In my continued quest to educate and entertain, I’m bringing you the story of the Hartlepool Monkey Incident. Hartlepool, for those who don’t know, is a mid-sized coastal town located in Northumbria, north-east England.
The basic story, which may or may not be true, goes like this:
During the Napoleonic wars, a French warship foundered near Hartlepool and was found by local fishermen. The only survivor of the wreck was a monkey dressed in French naval officers gear, something relatively common at the time.
The good people of Hartlepool, never having seen either a monkey or a Frenchman, presumed them to be one in the same. Some satirical cartoons of the time pictured the French as monkey-like creatures with tails and claws, so perhaps the locals could be forgiven for deciding that the monkey, in its uniform, must be a Frenchman. As Britain was at war with France, they held a drum-head trial of the monkey, accusing it of being a spy and promptly hung it by the neck until dead, dead, dead.
I say it may or may not be true, because there is little evidence one way or the other that the event occurred. There are also slightly different retellings out there. One version has the fishermen who found the wreck hanging the monkey because Admiralty law prevents salvage if there is even one survivor in a ship wreck.
There could even be a darker side to the tale – maybe they didn’t actually hang a ‘monkey’ but a small boy or ‘powder-monkey’. Small boys were employed on warships of this time to prime the canons with gunpowder and were known as ‘powder-monkeys’.
Originally, being called a Monkey hanger was considered an insult. Recently though, the Hartlepudlians have leaned into the Monkey Hanging thing. Now, most of the local sports teams have some sort of reference to either the Monkey, commonly known as H’Angus, or the hanging itself.

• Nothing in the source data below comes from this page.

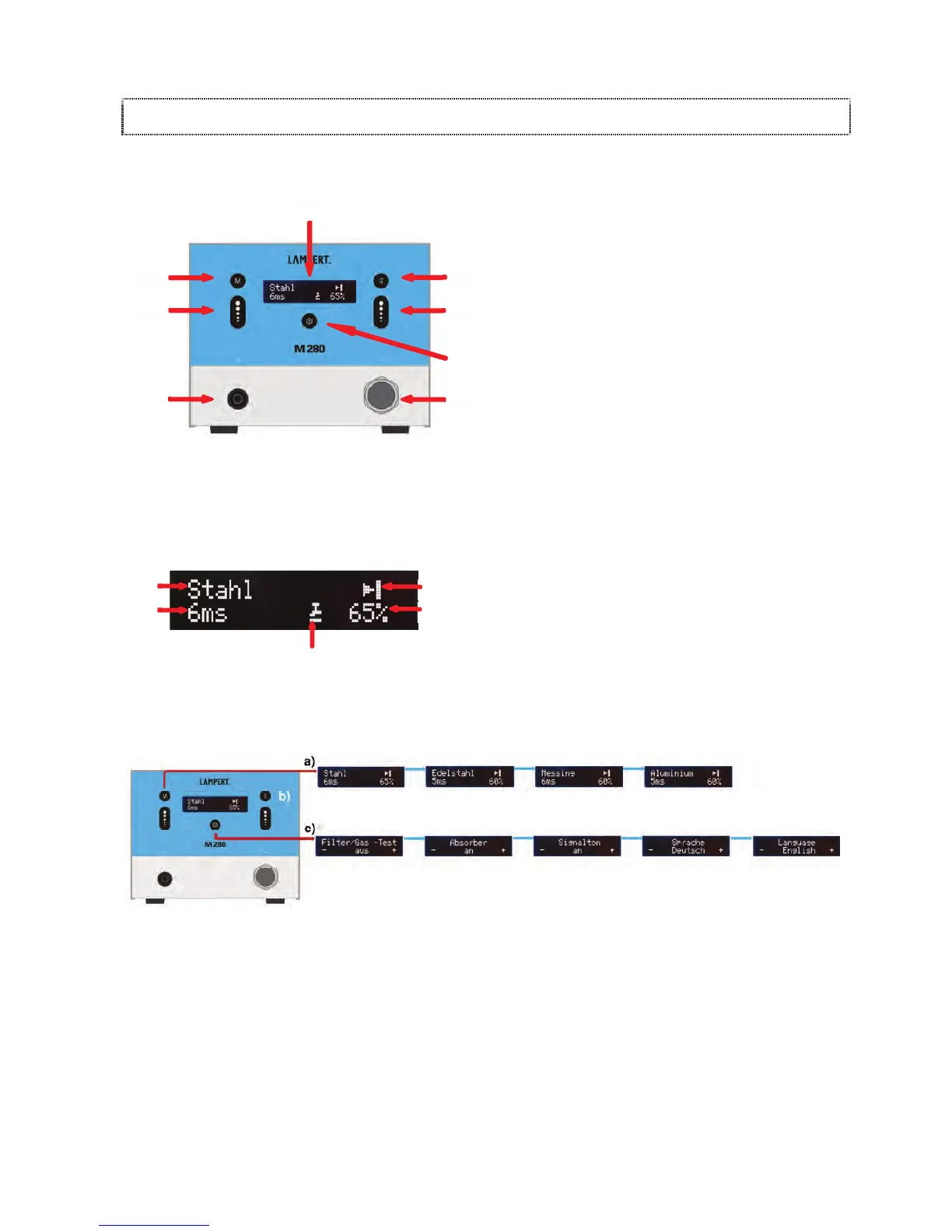 ONCE IT IS SWITCHED ON, THE „M280“ STARTS UP IN ITS MAIN MENU. THE FOLLOWING USER LEVELS CAN BE
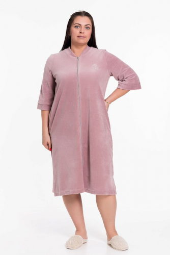 Халат на молнии выполнен из х/б полотна. Рукава короткие, на левой полочке нанесён принт. В боковых швах размещены карманы.
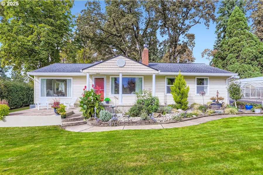 Charming, updated home with separate living quarters! Don't miss this exceptional property featuring a gorgeous, fully fenced, private backyard oasis with a covered patio. Inside, the updated kitchen shines with quartz countertops, stainless steel appliances, gas range, undercabinet lighting, and a custom 8'x 3' pantry with built-in electrical outlets. French doors lead directly to the patio and backyard. The main level boasts a spacious living room filled with natural light from large picture windows, as well as real hardwood floors (primary bedroom has hardwoods under carpet). The primary bedroom features double closets, and the family room includes a gas fireplace with custom Travertine tile and mantel. Additional highlights include a detached double garage, RV parking, greenhouse, storage shed, and beautiful mature landscaping. A major bonus is the separate lower-level living quarters with a private entrance, complete with its own kitchen (range + refrigerator)-ideal for multi-generational living, guest space, or rental opportunities. Conveniently located near parks, shopping, and commuter routes-this home combines modern updates with classic charm both inside and out!
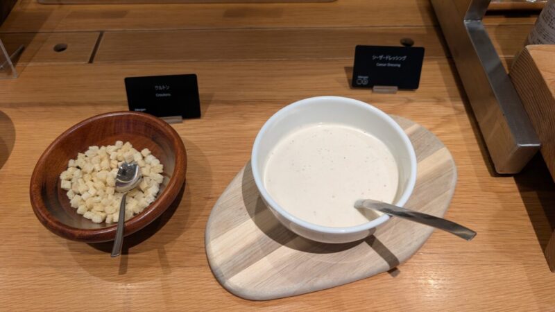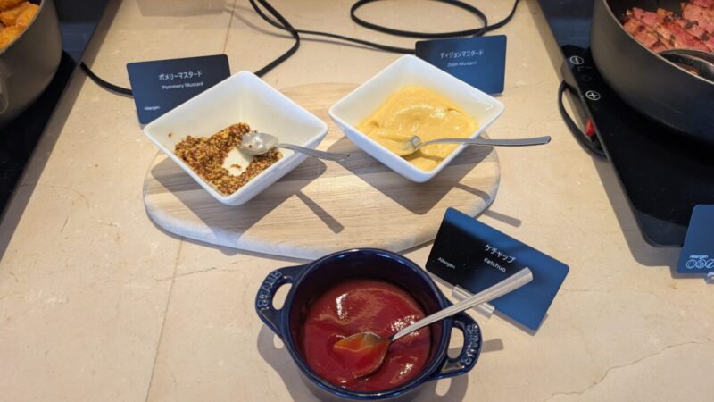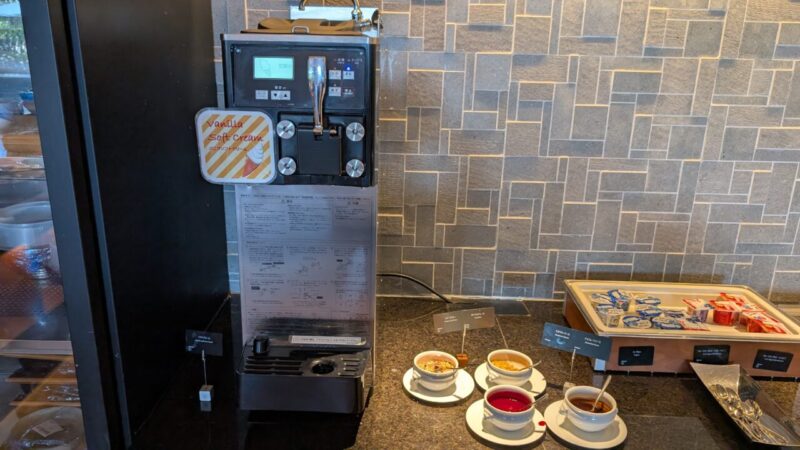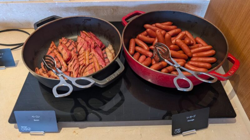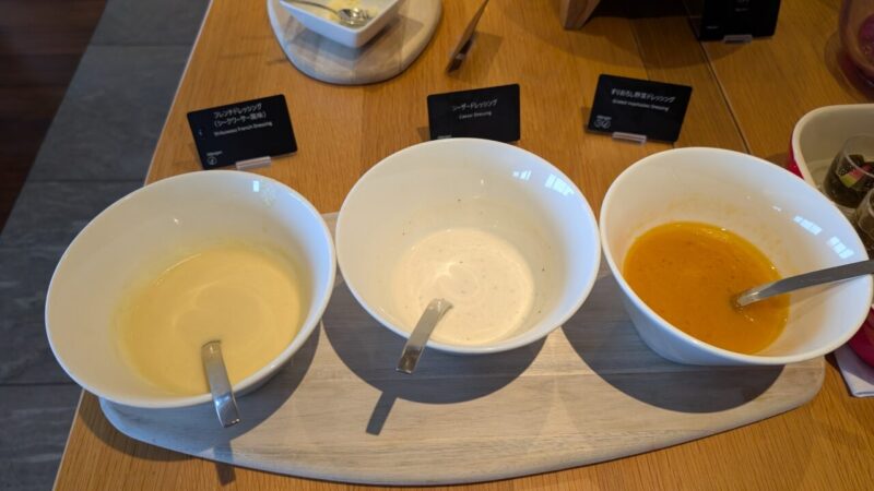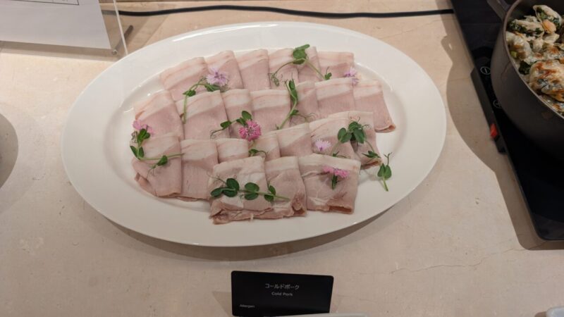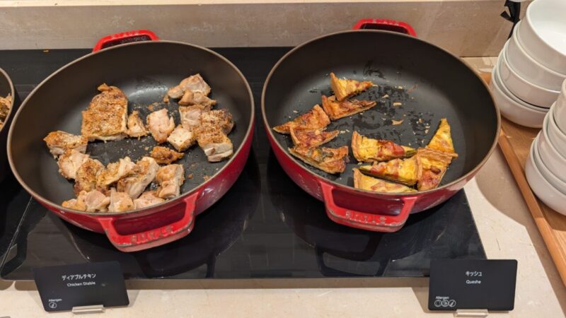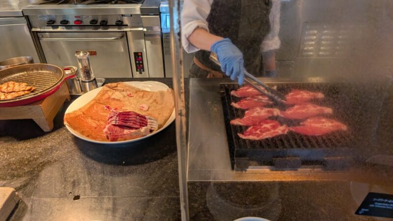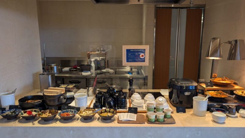 ライブキッチンではステーキ、オムレツなどを作ってもらえ、ビュッフェ台にはシャルキュトリー、サラダ、フルーツ、パンなどの洋食メニューが並びます。焼き魚やお粥などの和食も用意されているので、気分に合わせて選べるのも嬉しいポイント。フレンチトーストにソフトクリームをトッピングする“朝デザート”もおすすめ。
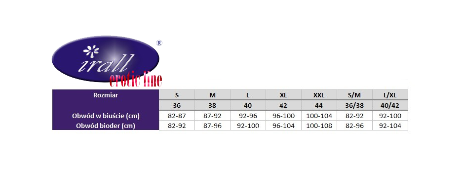 Półbiustonosz ozdobiony z przodu kokardką, zapinany z tyłu na dwurzędowe haftki z możliwością regulacji. Posiada regulowane ramiączka. Gorsecik usztywniany pionowymi fiszbinami, posiada regulowane paseczki do pończoch. Zapinany z tyłu na dwurzędowe haftki z możliwością regulacji. Stringi ozdobione z przodu kokardką.
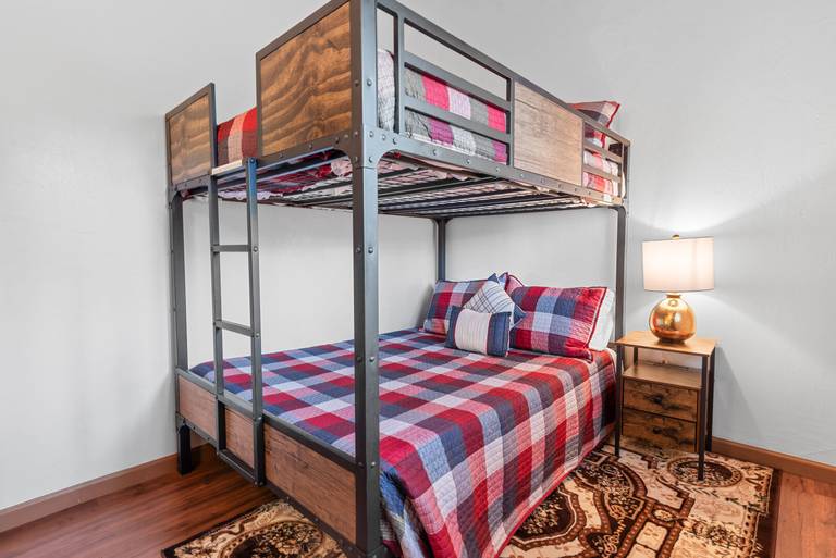 ROOMS & BEDS - 2 bedroom, 1 bath. First bedroom has a queen bed. Second bedroom has a bunkbed. Extra blankets and pillows are available.
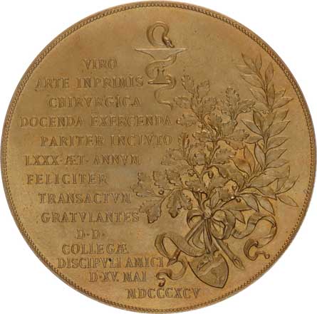 0. narozeninám 1895, poprsí zprava, nápisy / 14ti řádk. nápis, du bová a vavřín. ratolest bronz 58 mm 81,12 g |
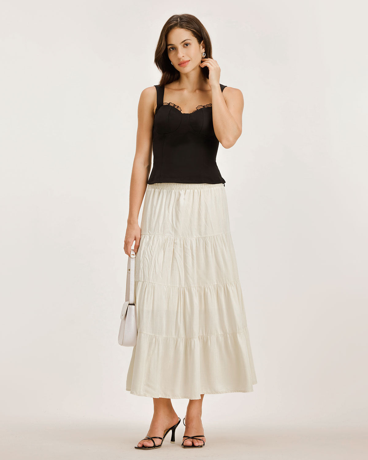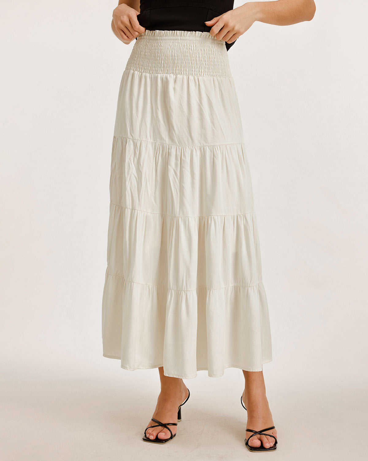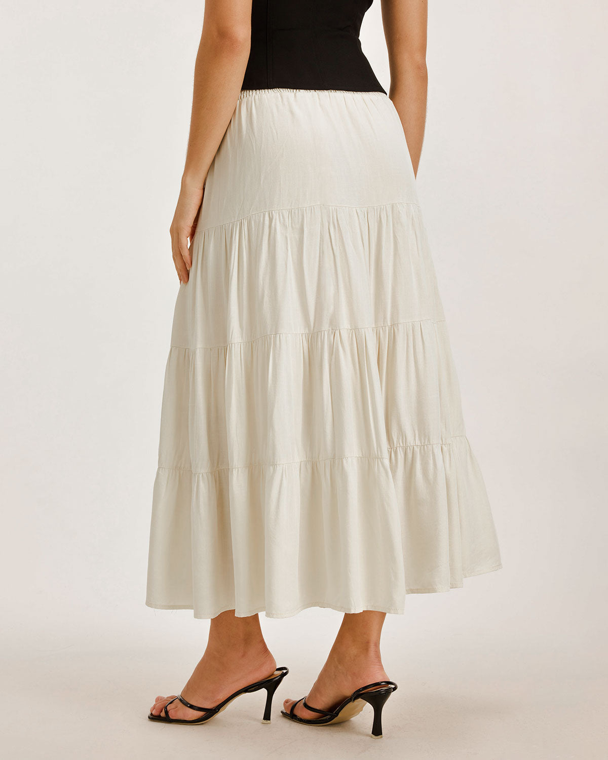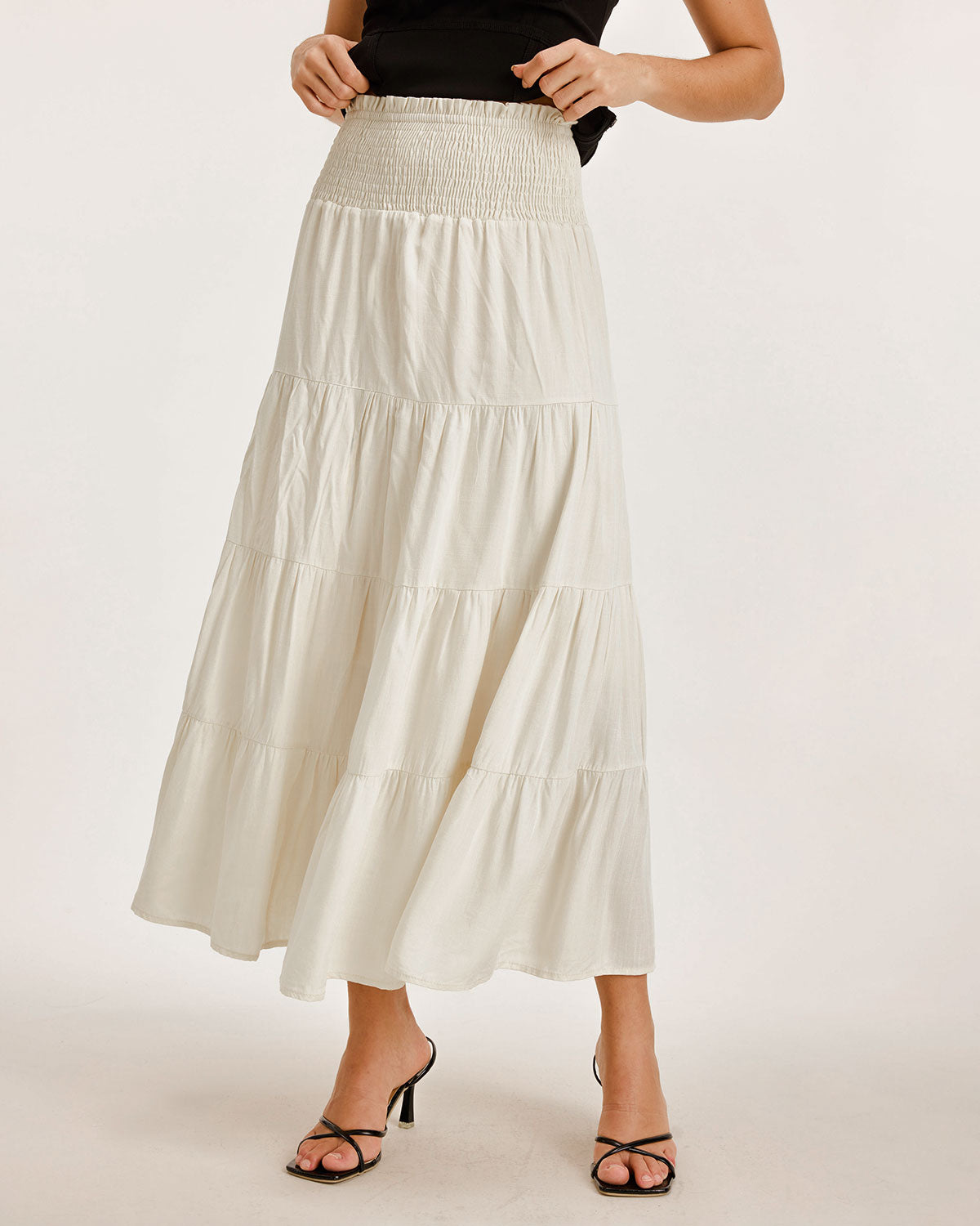 Kayısı Rengi Büzgülü Volanlı Katmanlı Etek

In fact, the man who wore the H’Angus costume for Hartlepool United, Stuart Drummond, stood for the post of mayor in 2002 as H’Angus the monkey, and campaigned on a platform which included free bananas for schoolchildren. To widespread surprise, he won, getting 7,400 votes with a 52% share of the vote and a turnout of 30%. He was re-elected by a landslide in 2005, receiving 16,912 votes on a turnout of 51% – 10,000 votes more than his nearest rival, the Labour Party candidate.